A box contains 1000 balls, of which 2 are black and the rest are white. If two series of 1000 draws are made at random from this box, what approximately, is the chance that they produce the same number of black balls?

I believe it an exercise in applying The Poisson ($\mu$) Distribution: The Poisson distribution with parameter $\mu$ is the distribution of probabilities $P_{\mu}(k)$ over $\{0,1,2,...\}$ defined by $$P_{\mu}(k)=e^{-\mu}\frac{\mu^k}{k!}$$

Let $\mu = 1000 \cdot \frac{2}{1000} = 2$ so that $$P_{\mu}(k)=\sum_{k=0}^{\infty}P(k)\cdot P(k)$$ $$P_{\mu}(k)= \sum_{k=0}^{\infty} e^{-2}\frac{2^k}{k!} \cdot e^{-2}\frac{2^k}{k!}$$ $$=e^{-4}\cdot \sum_{k=0}^{\infty}(\frac{2^k}{k!})^2$$

And then I look up the answer and see that $\sum_{k=0}^{\infty}(\frac{2^k}{k!})^2$ translates to $I_0(4)$ which is a modified Bessel function.
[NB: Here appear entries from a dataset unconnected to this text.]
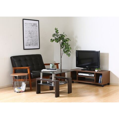 キャスター付きTV台 ミディアムブラウン 幅89×奥行32.9×高さ40.8cm プリント紙化粧繊維板【送料無料】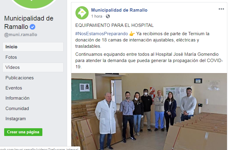 Al mismo tiempo que en una de sus plantas se evalúan suspensiones, Rocca muestra su cara humanitaria de la empresa asistiendo al hospital Gomendio de Ramallo y al provincial San Felipe de la ciudad de San Nicolás. “Hoy entregamos 65 camas en el marco del plan de acción que lanzamos para apoyar a las comunidades de San Nicolás y Ramallo. Son 19 camas de terapia intensiva y 28 de internación para el Hospital San Felipe y 18 camas de internación para el Hospital Gomendio. En los próximos días llegarán los colchones y almohadas junto con otros insumos que serán donados para fortalecer el sistema de salud de la región”, expresaron en su página en Facebook Gente del Acero, con un video institucional. “Ya recibimos de parte de Ternium la donación de 18 camas de internación ajustables, eléctricas y trasladables”, resaltaron desde el gobierno del intendente Gustavo Perié de Ramallo, a través de la página de la Municipalidad en Facebook.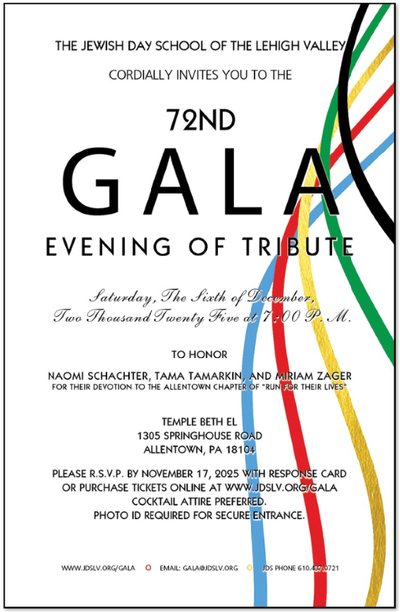 Visit jdslv.org/gala, email [email protected], or call 610-437-0721 for more information or to RSVP.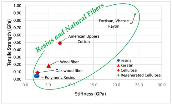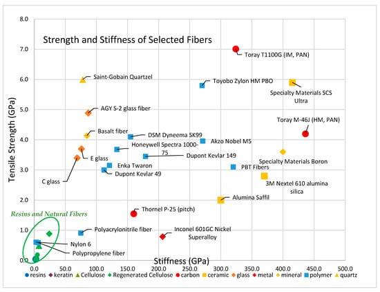 Figure 2 graphs the tensile strength and tensile stiffness of common polymeric resins. All natural fibers surveyed are stronger and stiffer than the example resin materials.
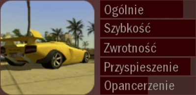 Miniaturka i osiągi pojazdu w menu szofera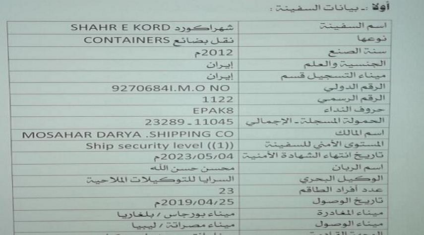ليبيا: السفينة الإيرانية المحتجزة لا تحوي أسلحة كما زعم الاعلام السعودي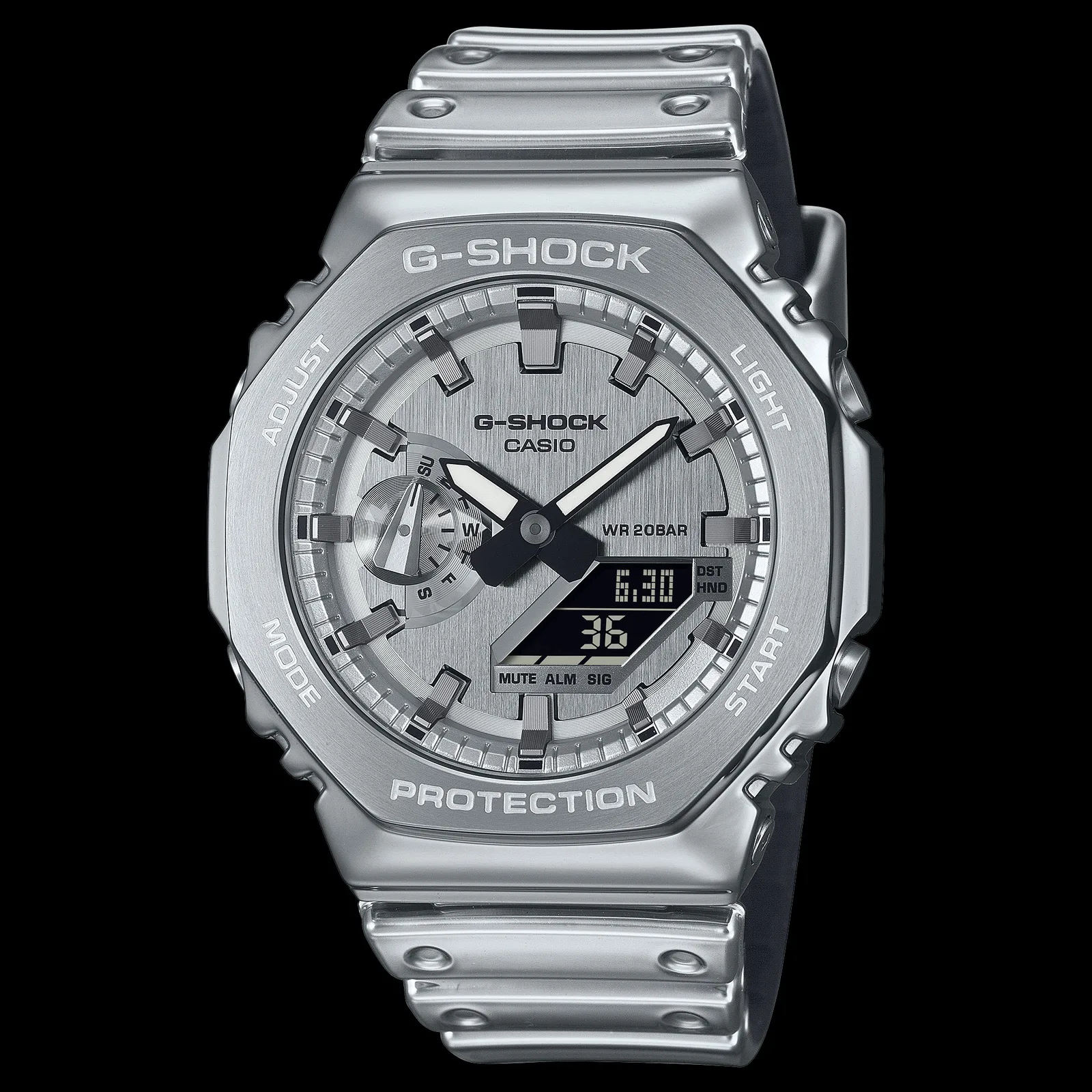 The GM2100YM-8A comes in a silver finish with a stainless-steel bezel over a resin inner case and a tough silicone band. Case size is 49.3 × 44.4 × 11.8 mm, and weight is 84 g. It gets you 200 m water resistance, mineral glass, shock resistance, world time (31 time zones, 48 cities), 1/100-second stopwatch, 24-hour countdown timer, five daily alarms, hourly signal, and double LED backlight. Battery life is rated at roughly three years on two SR726W cells.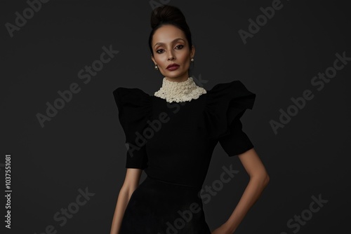 A woman in a black dress with a white collar and a pearl necklace. She is standing in front of a dark background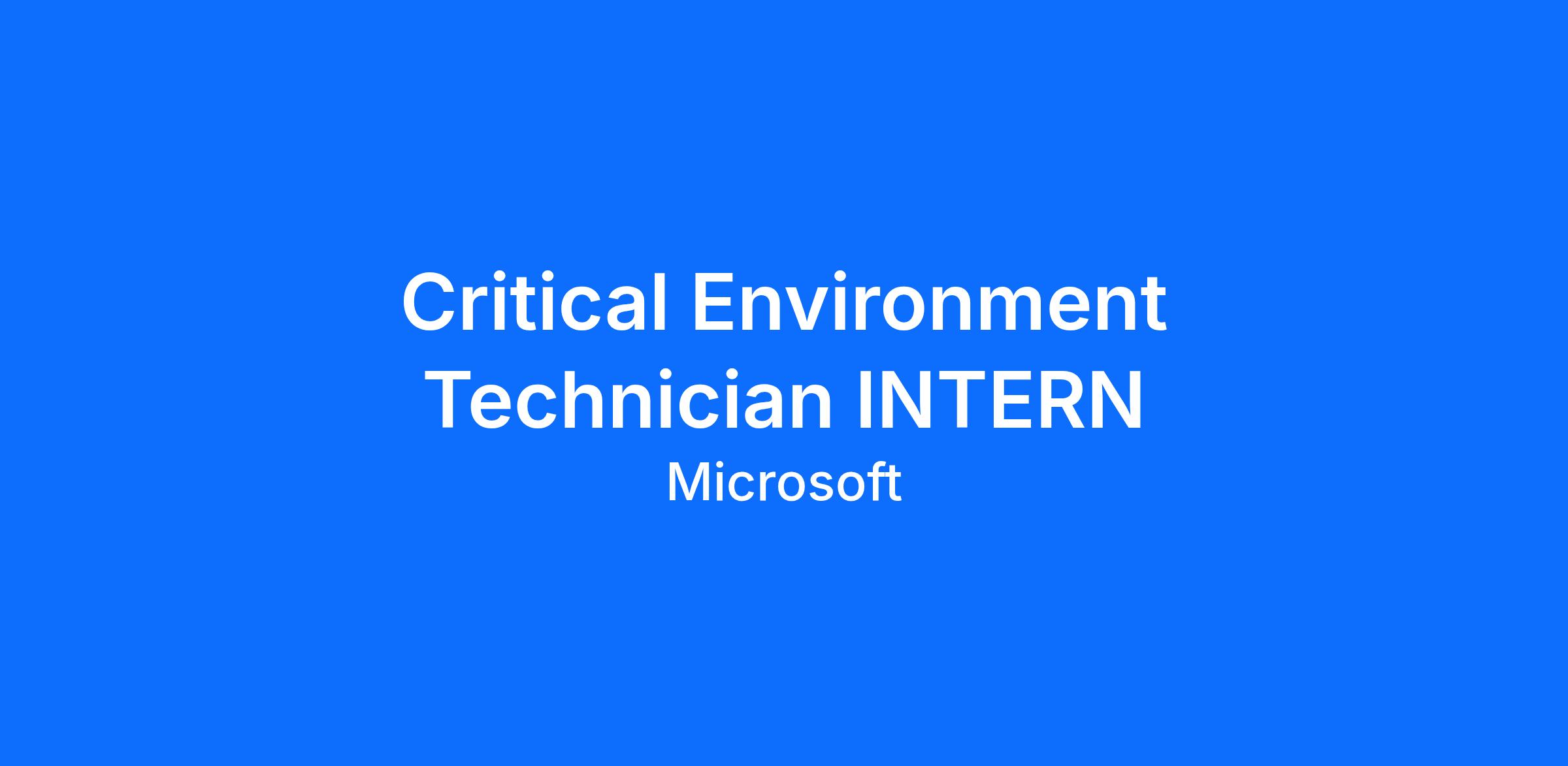 OverviewMicrosoft’s Cloud Infrastructure and Operations (MCIO) is the engine that powers our cloud services. As a Critical Environment Technician INTERN, you will perform a key role in delivering the core infrastructure and foundational technologies for Microsoft's over 200 online businesses including Bing, Office 365, Xbox, OneDrive and the Microsoft Azure platform.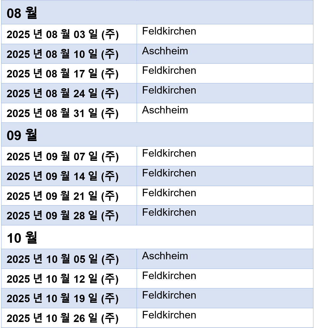 - 오시는 길: S bahn(S2) - Feldkirchen bahnhof 에서 걸어서 4-5분 거리 (350meter)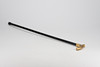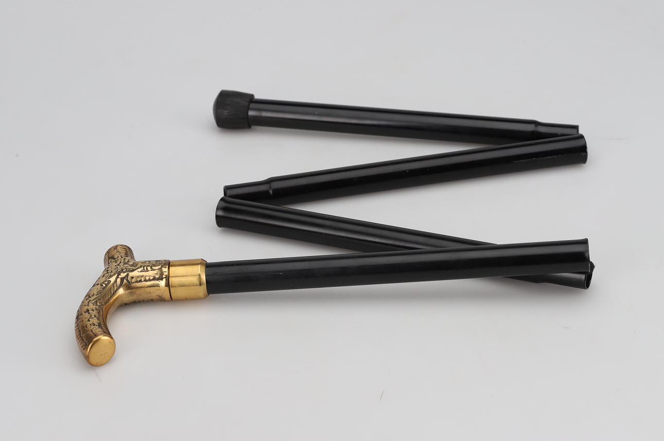 Krycka i mässing, käpp i svartlackerad metall, ihopvikbar. Längd 93 cm, ihopvikt 29 cm.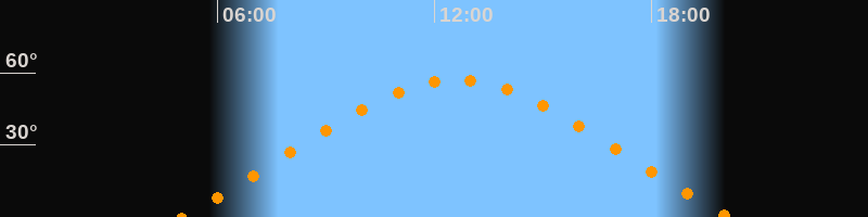 | Höchster Stand (Kulmination) | 12:35 Uhr (h = 57°) |

However I havn't learnt this, and Bessel isn't in the index of my textbook.

I thought maybe $$\sum_{k=0}^{\infty}(\frac{2^k}{k!})^2 = (e^2)^2$$ but that would make the whole thing =1... which maybe makes sense since they question didn't specify with replacement.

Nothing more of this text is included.